Privacy and Confidentiality
In this day and age, everyone is familiar with passwords. They’re used everywhere, from our phones to our laptops, social media accounts, bank accounts, and pretty much anything else that may require user privacy. Most of these gadgets and online platforms hold personal, private, and confidential information that anyone with ill intentions can use against you. We’ve all heard of identity theft, where a person poses as you and commits fraud or criminal offense.
Using unique usernames and passwords, user authentication helps businesses to protect their customer’s privacy and confidentiality of information. This is especially the case for transactions and processes that happen online or remotely over the phone, where the user has to provide a username and a matching password, failure to which the login, activity, or transaction fails. For online services and apps, the guys from Messente say that many businesses also use SMS authentication to verify user accounts and send authorization pins to customers when confirming transactions. This ensures customer information privacy and confidentiality while beefing up security, which will be discussed below briefly.

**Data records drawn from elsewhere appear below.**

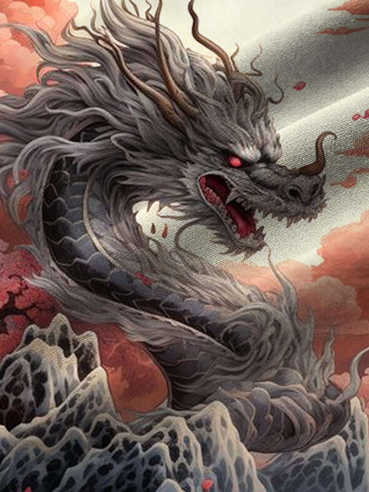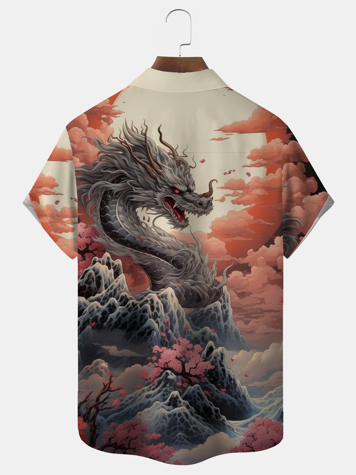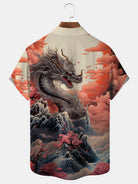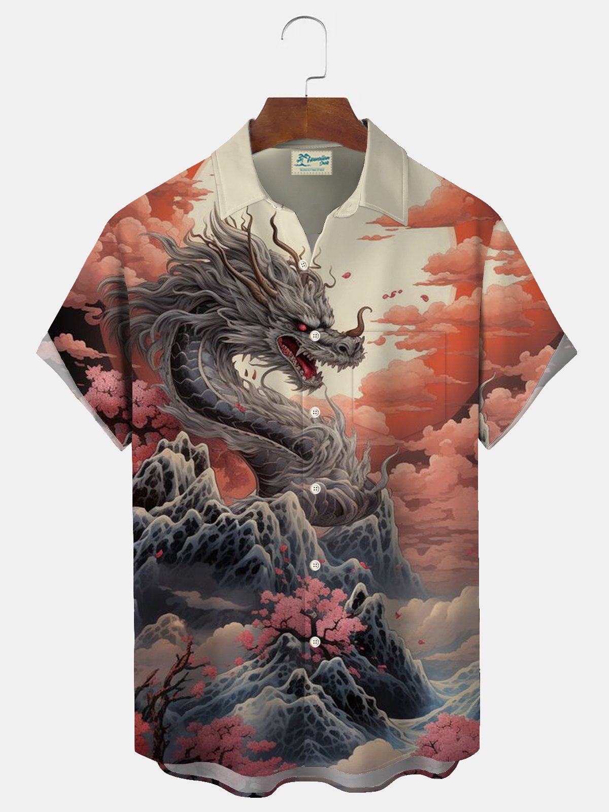 Alohadaddy Vintage Ukiyoe Dragon Print Men's Button Pocket Shirt
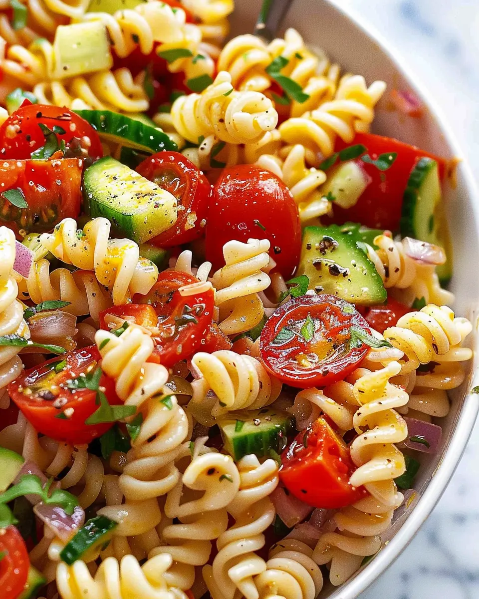 For the dressing, olive oil and lemon juice create a refreshing base. You can also experiment with balsamic vinegar for a tangy twist. Don’t forget to let your pasta salad chill in the refrigerator for at least an hour before serving—this time allows the flavors to meld beautifully.
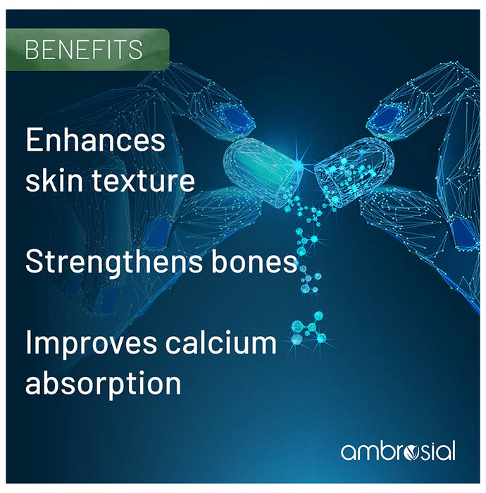 Ambrosial Veg Essentials L-Lysine Veg Capsule works towards the rejuvenation of your health. It enhances skin texture and also strengthens your bones. It improves calcium absorption in your body.
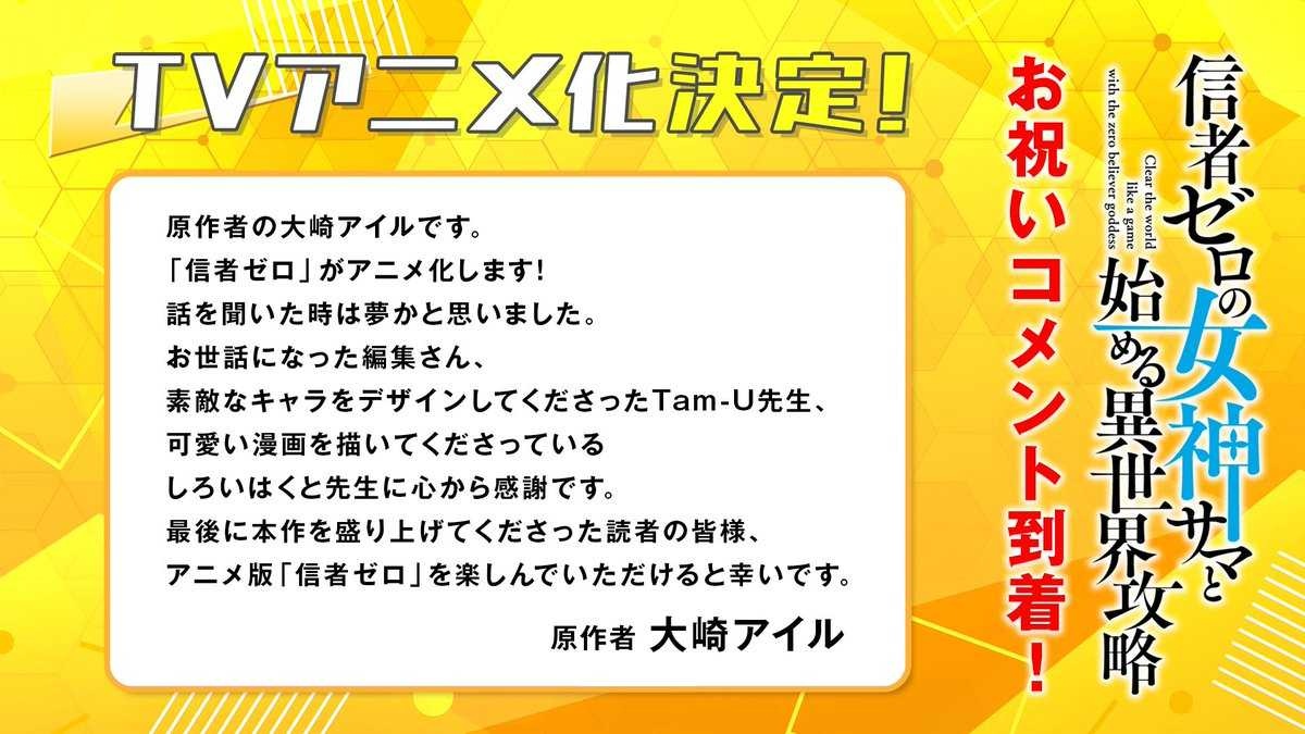 大崎さんは「『信者ゼロ』がアニメ化します! 話を聞いた時は夢かと思いました。お世話になった編集さん、すてきなキャラをデザインしてくださったTam-U先生、可愛いマンガを描いてくださっている、しろいはくと先生に心から感謝です。最後に本作を盛り上げてくださった読者の皆様、アニメ版『信者ゼロ』を楽しんでいただけると幸いです」とコメントを寄せている。
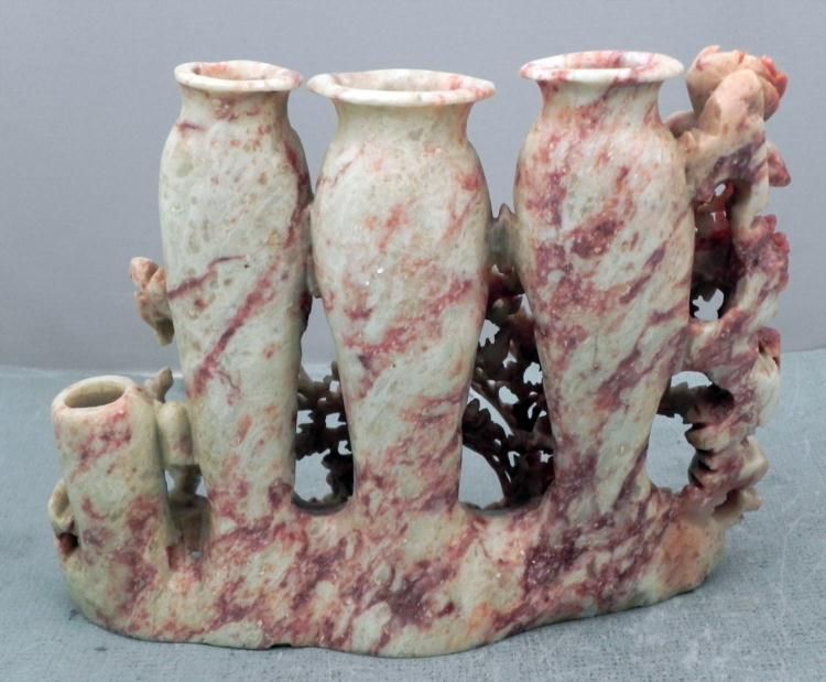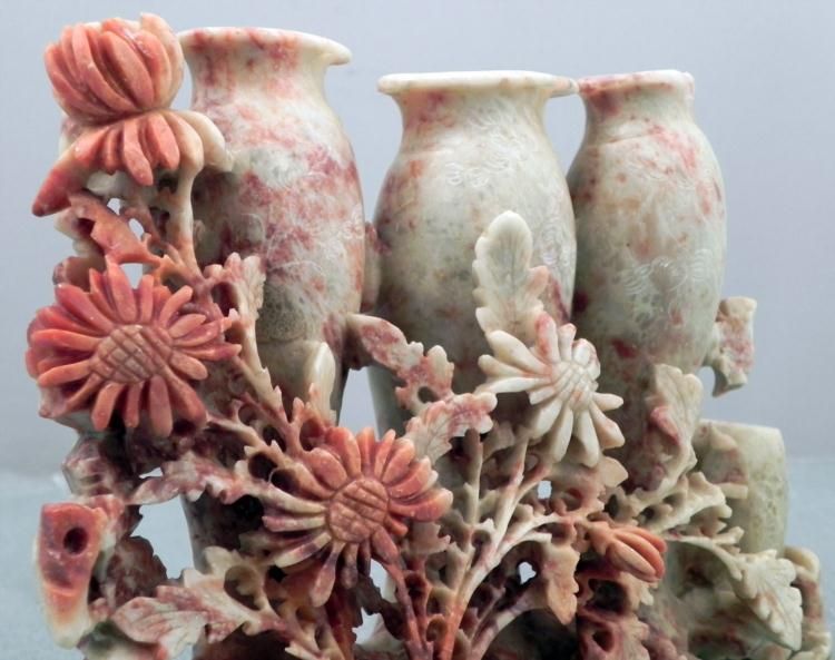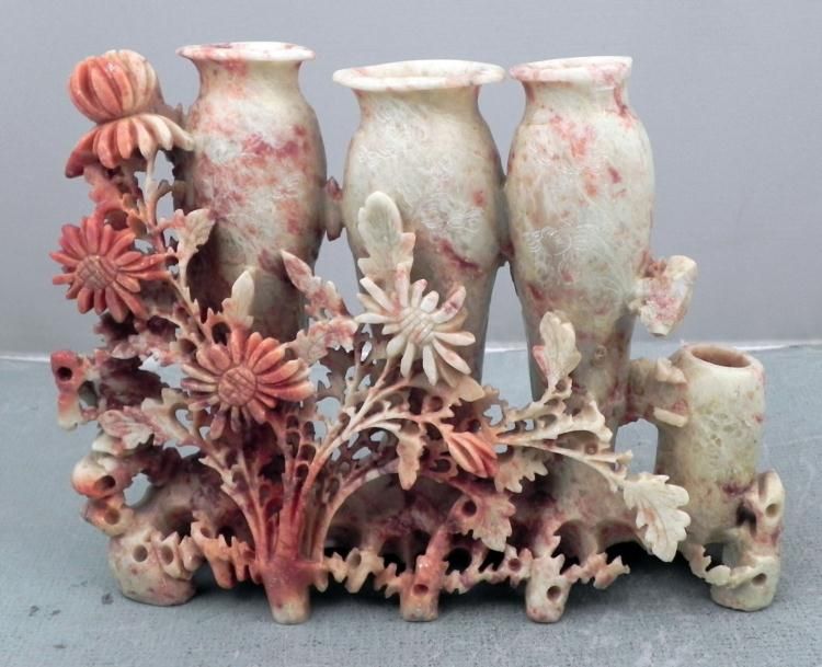 This hand carved piece has a lovely display of delicate flowers and and leaves. The stone it is carved from is tan, and it appears to be soapstone. Its reddish brown tones show strongly on the flowers, giving them color. Four separate vases stand behind * them, for the addition of other flowers if desired. The dimensions are 5 1/2 x 7 x 2 inches. The condition overall is excellent. * * * This is a beautifully detailed piece.

Some organizations encrypt saved passwords to prevent theft from malicious employees or hackers. Hackers design programs that help them in accessing and retrieving passwords. If the sites did not ask for passwords, all the information would be accessible, and information privacy would be a mere wish.
Security
Many shopping stores provide cards in which the points you earn from your purchases are keyed in. These cards are similar in size and function to debit and credit cards offered by financial institutions, which allow you to conduct cashless transactions. These cards have magnetic strips or chips that hold data containing your personal information and account details, including balances and statements. When this card is inserted into a card reader or POS machine, you’ll need to key in the password for you to be able to transact with the card. In other words, the secret code or password restricts access of your funds or card information to only you or people you’ve shared your password with.

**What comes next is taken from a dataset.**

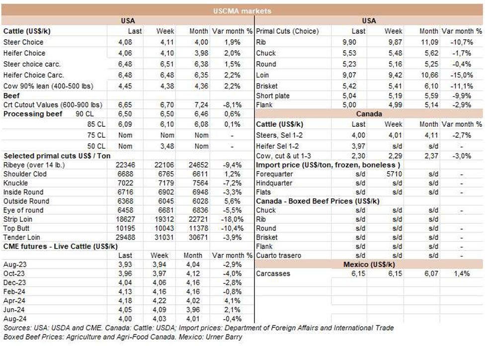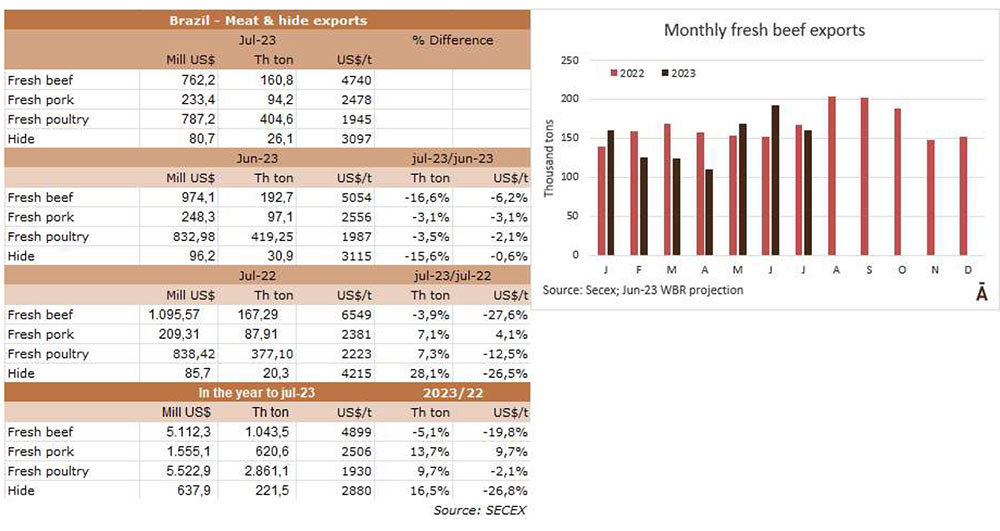 根據外貿部(SECEX)的信息,巴西7月份出口了160795噸牛肉,平均價值為4740美元/噸。與6月份相比,產量減少了近3.2萬噸,但同比僅減少了6.5萬噸。平均出口價格在月度比較中下降6.2%,在年度比較中下降27.6%。因此,與去年同月相比,巴西的出口量在5月和6月出現(xiàn)了復蘇。今年至7月份,巴西出口了104萬噸牛肉,比2022年同期減少了5.6萬噸(-5.1%);與每噸4899美元相比,平均出口價格下降了20%。
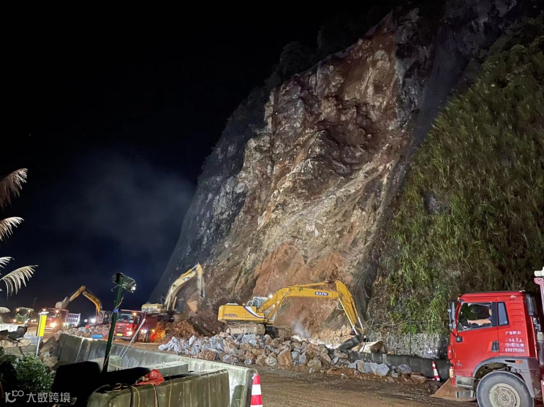 晚上8点40分许,随着一声轰鸣,第一次爆破完成。由于坡体的地质情况复杂、原坡体存在溶洞和裂隙,爆破区域坡面50m处存留危岩体,有进一步滑塌风险。为了尽快消除隐患恢复通车,清连养护项目部管理人员24小时轮流在现场监督施工进度,投入数十台大型清理、运输设备,24小时不间断开展土石方清理作业,并迅速组织第二、第三次爆破。

When the wrong password is fed a specific number of times (mostly 3), the card automatically gets blocked, to deny further access in case it might have been stolen. For it to be unblocked, the owner needs to visit the service provider with their original documents for verification.
It Reduces Identity Theft
Biometric authentication is one of the most difficult forms of verification to hack since it involves the use of unique features in an individual. Some of the physiological characteristics used include facial recognition, fingerprint recognition, and retina scan, among others. Hackers have always had a problem reproducing such information because everyone has unique physiological characteristics. Also, other traits, like voice recognition and keystroke scans, are increasingly gaining popularity in this area.

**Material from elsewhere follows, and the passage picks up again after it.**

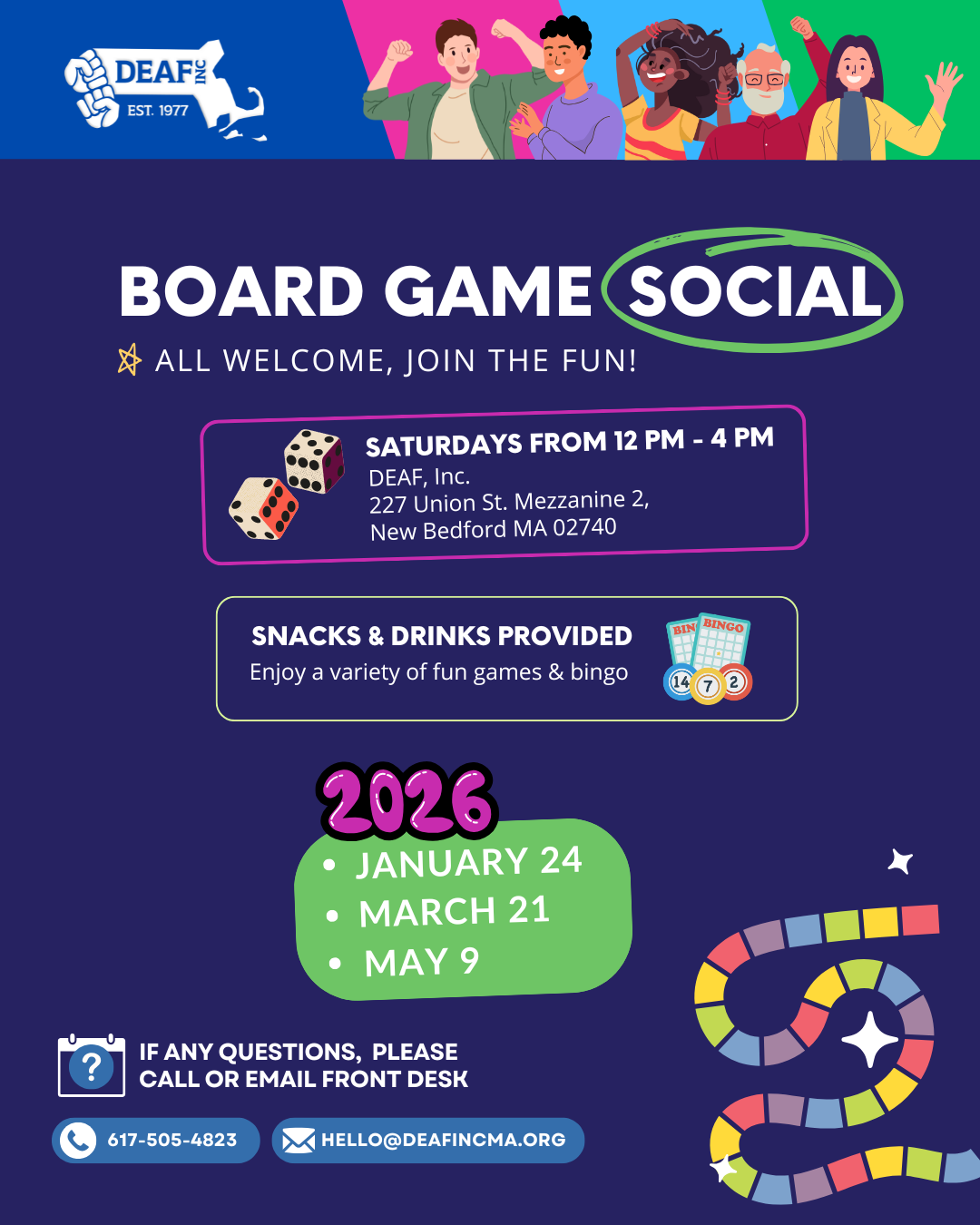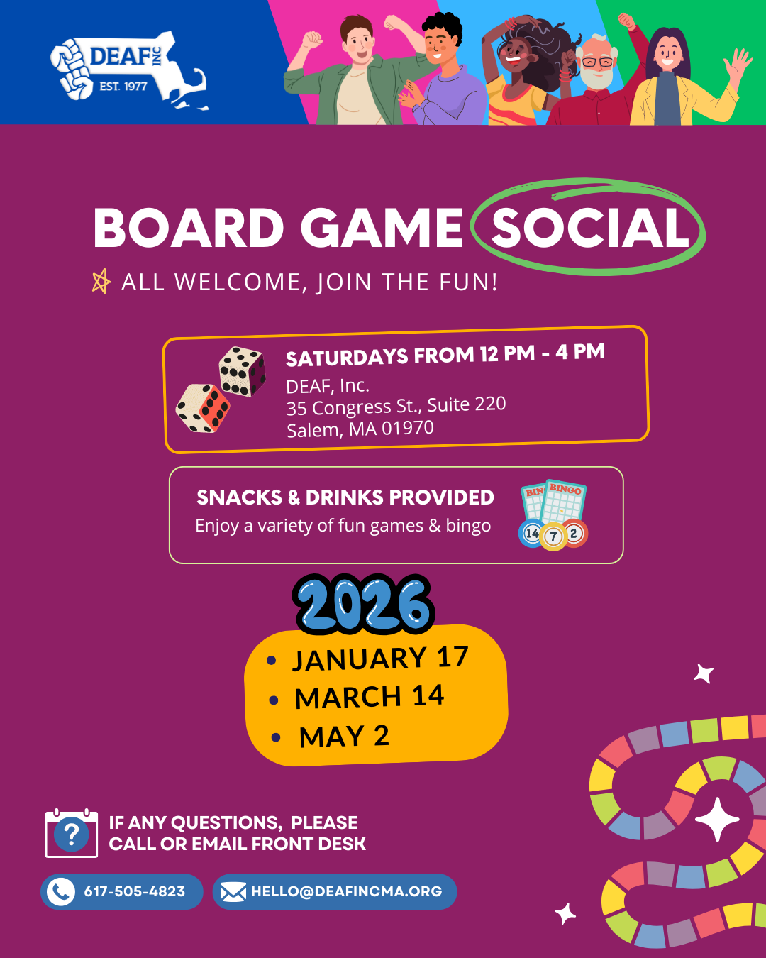 Image Description: This flyer is in dark maroon background with texts in white and colorful blocks and dices. On top border, five happy people celebrating with blue, pink, light blue, and green stripes and DEAF, Inc. logo in white. Board Game Social (circled). All welcome, join the fun! 11 AM - 3 PM EST at DEAF, Inc. Office 35 Congress St. Suite 220 Salem, MA 01970. Snacks & Drinks Provided. Enjoy a variety of fun games & Bingo. 2026 - January 17, March 14, May 2. If any questions, please call or email front desk at 6175054823 & hello@deafincma.org.

Biometrics has so far been the most preferred form of authentication in most financial institutions and transactions. This is why some modern mobile banking applications require you to use your voice as your password, making it completely difficult for someone to impersonate you and transact on your behalf.
Encryption
Encryption authentication is more advanced than password-protection because, in this case, content is protected from unauthorized access at various levels. Encrypted data or content is scrambled with a passcode so that as much as someone may have access to it; they will not read it because it cannot be understood. For pieces of information such as messages, the words might be shuffled with additional characters so that they no longer make sense. For one to read and access such content, they need to put in a specific decryption key (secret key), which prompts the words to rearrange so they can make sense and become accessible. It’s also important to note that if the owner loses the decryption key, they might not be able to access the encrypted data or content.
And there you have it; the writing is on the wall. We can never overemphasize the importance of user authentication in this digital age. The above are just a few of the many reasons why.